Maybe Voigt’s perspective as head of a major techno label has given him the privileged insight that music-qua-music is a less interesting goal when music buyer’s remorse can be immediately addressed by downloading a bunch of shit that hits spots your purchase doesn’t? And therefore, the important thing is the halo of meaning surrounding a release? The meanings sewn into this album easily account for much of its appeal: the rest of it is work. And unlike Arnold Schoenberg, I’m not sure that working hard enough will unravel the mysteries of the idiosyncratic language Voigt has created for this album. Perhaps it’s meant to sound needling and prickly; maybe Voigt hears something we don’t.
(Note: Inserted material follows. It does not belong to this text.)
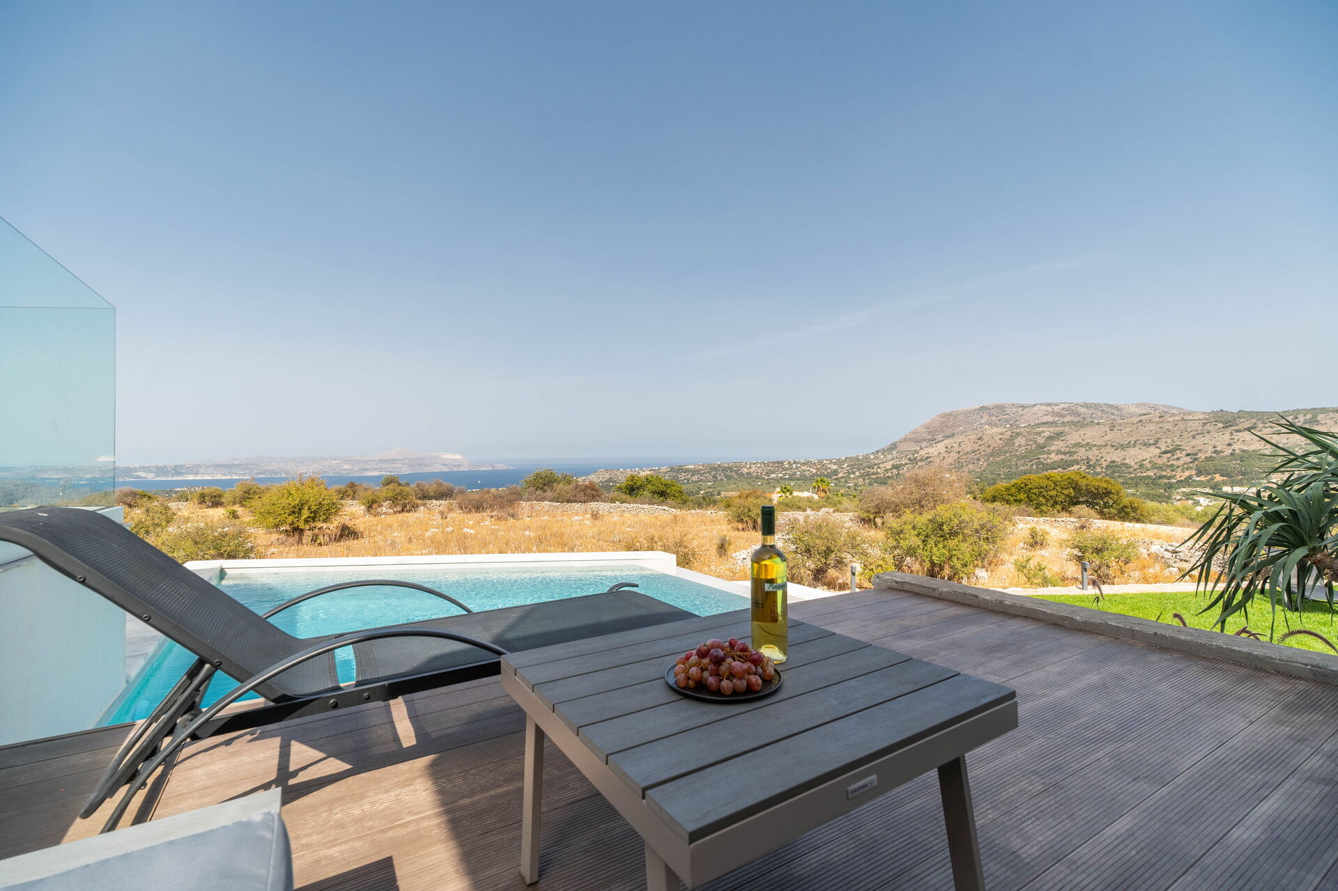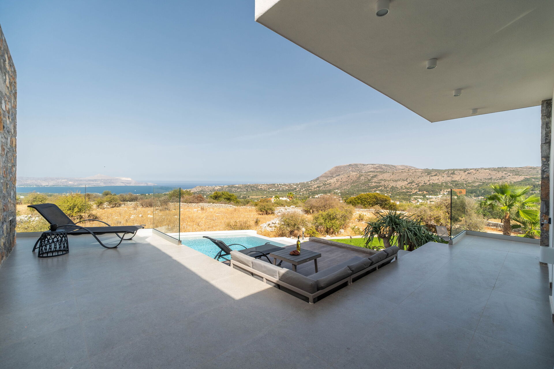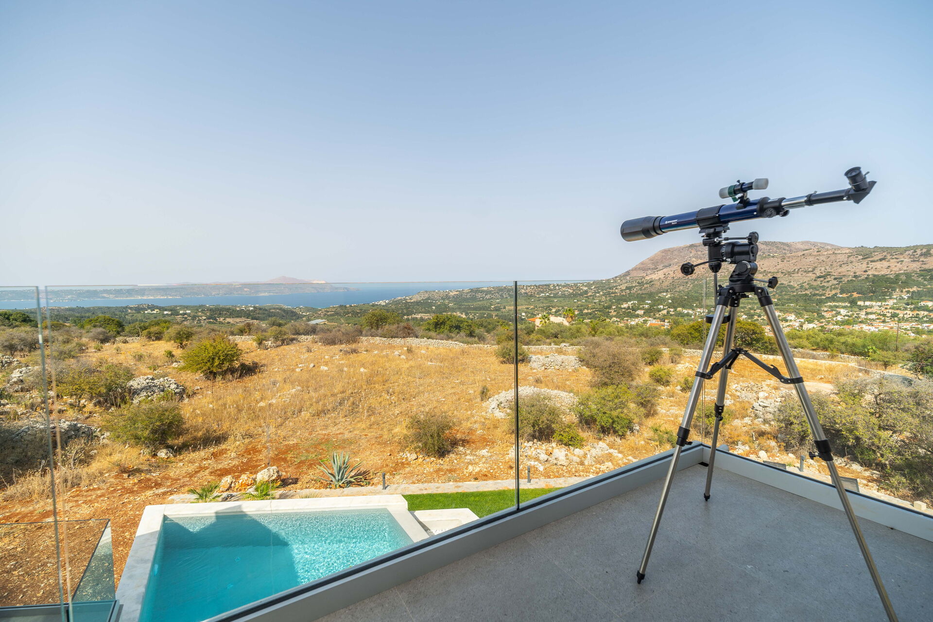 På utomhusområdet finns en privat pool med panoramautsikt, en jacuzzi och en härlig terrass möblerad för att njuta av måltider utomhus. Huset har en modern interiör och är mycket bekvämt inrett.

In either case, the most fully realized track here is also its most accessible. "Geduld" uses a four-on-the-floor beat to structure off-kilter chords and give the proceedings an air of forward motion; it’s not absurd to imagine it being incorporated into a forward-thinking mix. The other beat-oriented tracks fare better than the beatless ones, but there are no real standout moments, nor does the album as a whole give a particular impression, apart from bright and ceaseless activity. There’s a lot of movement and color — Olivier Messiaen, what with his synaesthesia, would probably have seen something like the album’s cover when hearing Voigt’s cascading, plinky notes.

There isn’t much to recommend on Freiland Klaviermusik, and this is probably its best recommendation. It sounds like nothing else currently circulating, either in techno or in classical, and while we can’t anticipate whether its approach will be as fully assimilated as Gas’s has been, Voigt has created something whose appeal has little to do with his previous accomplishments. It shows Voigt is going at his own pace, not oblivious to expectations, but deliberately loose with them. This is all well and good — this thing is sound in concept and execution — but it does leave one strangely hungry.